== Source information ==
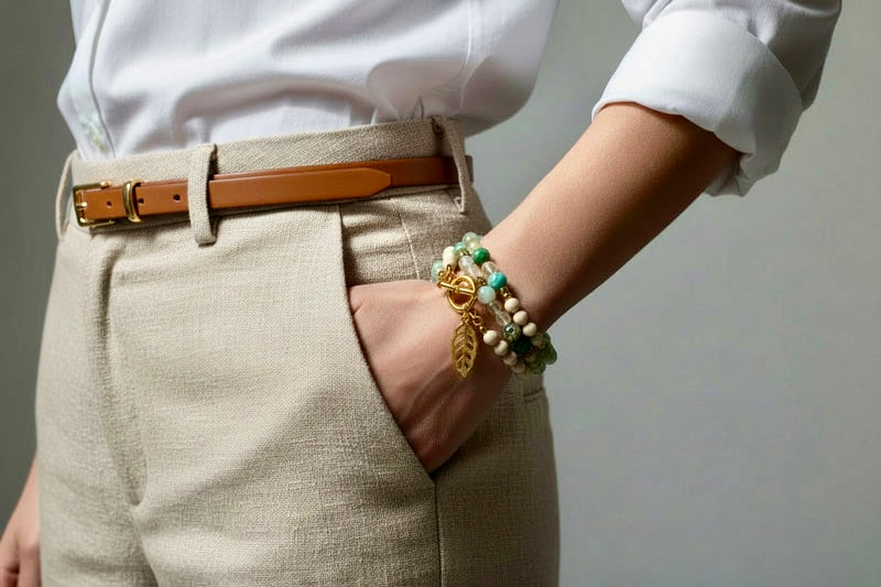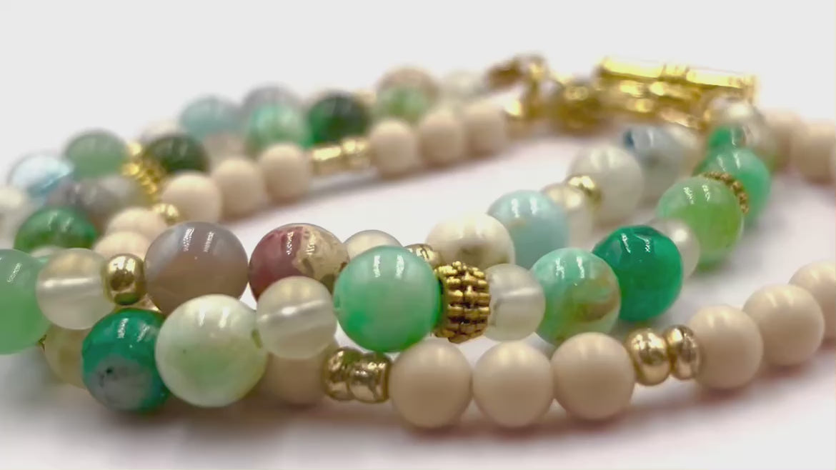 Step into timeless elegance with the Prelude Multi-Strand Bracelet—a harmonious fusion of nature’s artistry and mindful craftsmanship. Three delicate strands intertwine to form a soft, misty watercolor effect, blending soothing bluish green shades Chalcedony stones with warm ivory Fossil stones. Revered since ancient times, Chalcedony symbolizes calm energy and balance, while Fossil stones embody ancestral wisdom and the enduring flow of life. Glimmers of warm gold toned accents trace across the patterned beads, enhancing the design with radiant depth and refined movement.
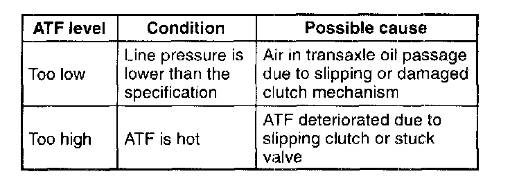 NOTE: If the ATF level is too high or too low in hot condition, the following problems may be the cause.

* * *

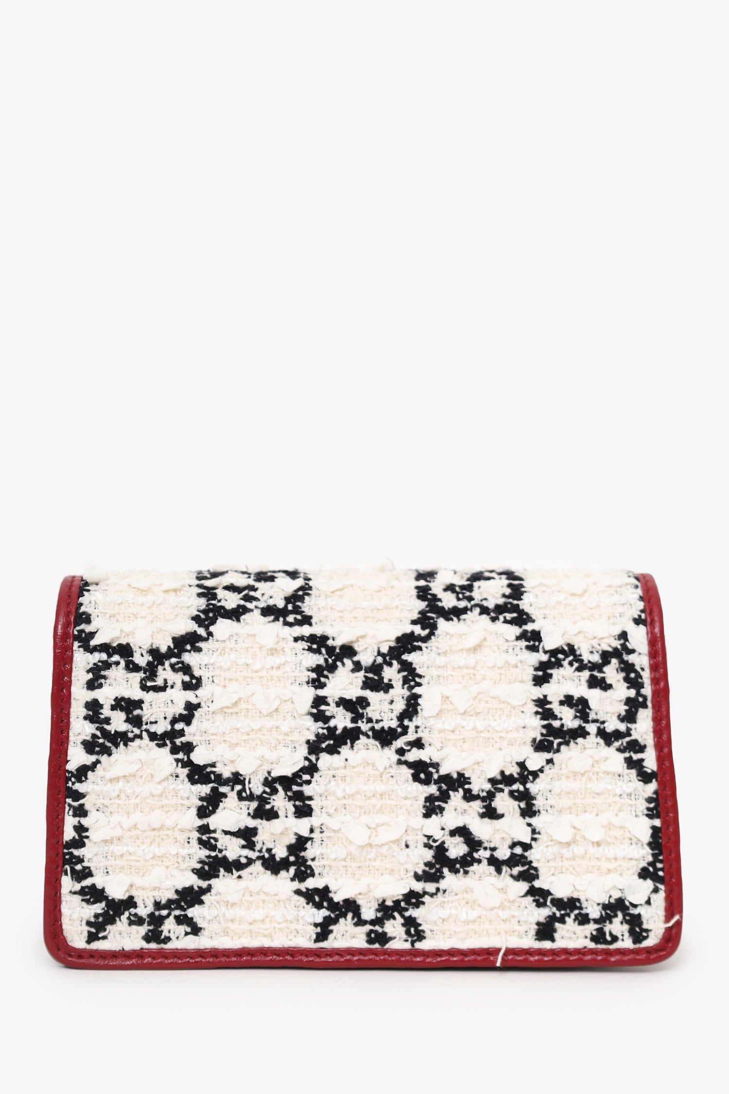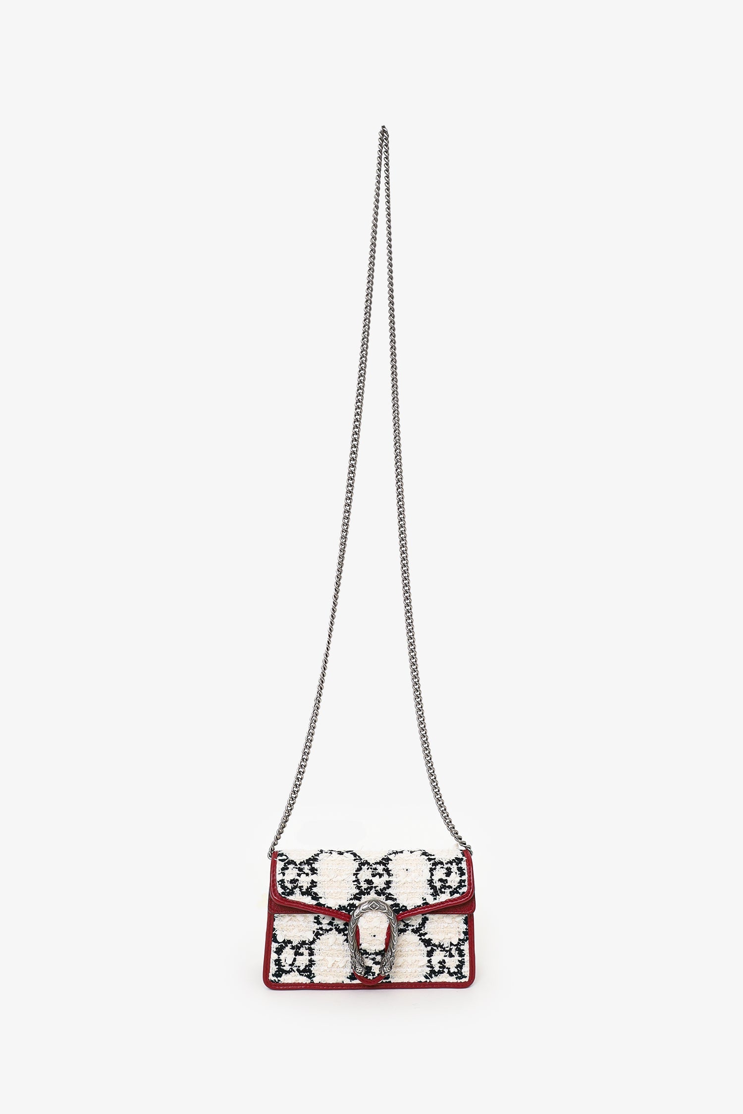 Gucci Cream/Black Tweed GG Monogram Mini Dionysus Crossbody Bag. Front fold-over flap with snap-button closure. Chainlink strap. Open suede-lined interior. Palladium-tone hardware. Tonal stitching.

== To do ==
Write out the lines above from the one with "Step into timeless" through the one with "NOTE: If the", ends included, exactly; no picture goes in.

== Output for this exercise ==
 Step into timeless elegance with the Prelude Multi-Strand Bracelet—a harmonious fusion of nature’s artistry and mindful craftsmanship. Three delicate strands intertwine to form a soft, misty watercolor effect, blending soothing bluish green shades Chalcedony stones with warm ivory Fossil stones. Revered since ancient times, Chalcedony symbolizes calm energy and balance, while Fossil stones embody ancestral wisdom and the enduring flow of life. Glimmers of warm gold toned accents trace across the patterned beads, enhancing the design with radiant depth and refined movement.
 NOTE: If the ATF level is too high or too low in hot condition, the following problems may be the cause.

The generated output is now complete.